PROBLEM STATEMENT: Would you reproduce each line below exactly, leaving every picture out?

PROVIDED DATA:
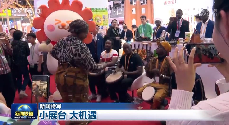 在进博会国家展区,一阵阵欢快的鼓声吸引不少人驻足观看。这象征着丰收和喜悦的鼓声,来自马里的参展商们。展会还没结束,他们便开始迫不及待地庆祝在本届进博会上获得的“好收成”。
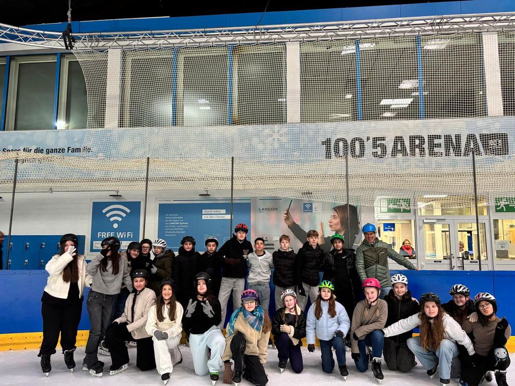 Am 22.1. besuchte unsere 7a die Eissporthalle in Aachen. Frau Decken, Herr Sohrab und Herr Dr. Fronhöfer passten auf. Und unser im Schlittschuhlaufen versierter Schuldirektor zeigte der Klasse, wie man sich auf dem Eis am besten bewegt. Der Spaß kam sicherlich nicht zu kurz!
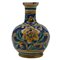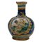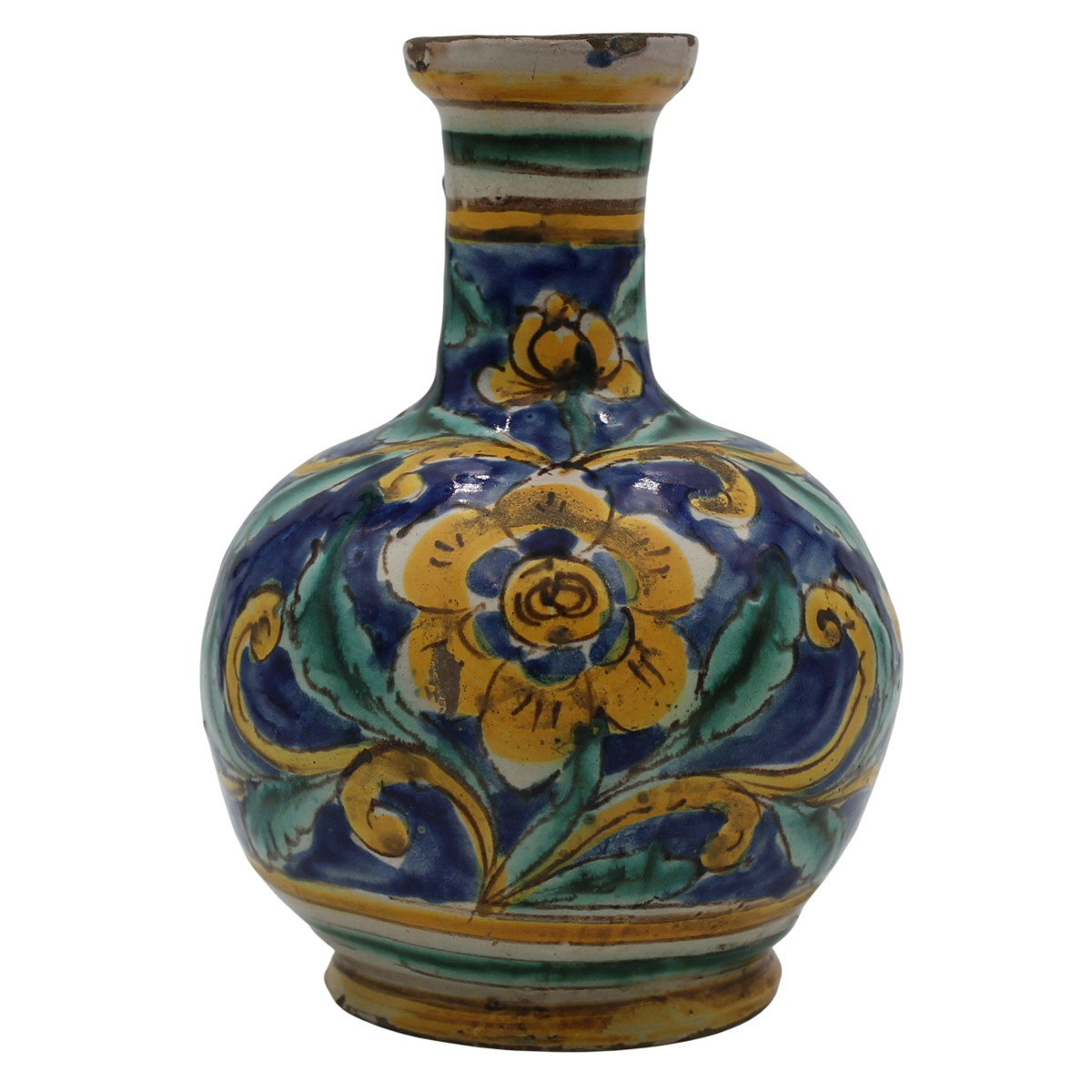 Bottiglia Antica maiolica decorata con figura del Bambinello, sul retro motivi floreali e vegetali policromi. Caltagirone. Secolo XVIII. Cm h 22

FINISHED TASK:
 在进博会国家展区,一阵阵欢快的鼓声吸引不少人驻足观看。这象征着丰收和喜悦的鼓声,来自马里的参展商们。展会还没结束,他们便开始迫不及待地庆祝在本届进博会上获得的“好收成”。
 Am 22.1. besuchte unsere 7a die Eissporthalle in Aachen. Frau Decken, Herr Sohrab und Herr Dr. Fronhöfer passten auf. Und unser im Schlittschuhlaufen versierter Schuldirektor zeigte der Klasse, wie man sich auf dem Eis am besten bewegt. Der Spaß kam sicherlich nicht zu kurz!
 Bottiglia Antica maiolica decorata con figura del Bambinello, sul retro motivi floreali e vegetali policromi. Caltagirone. Secolo XVIII. Cm h 22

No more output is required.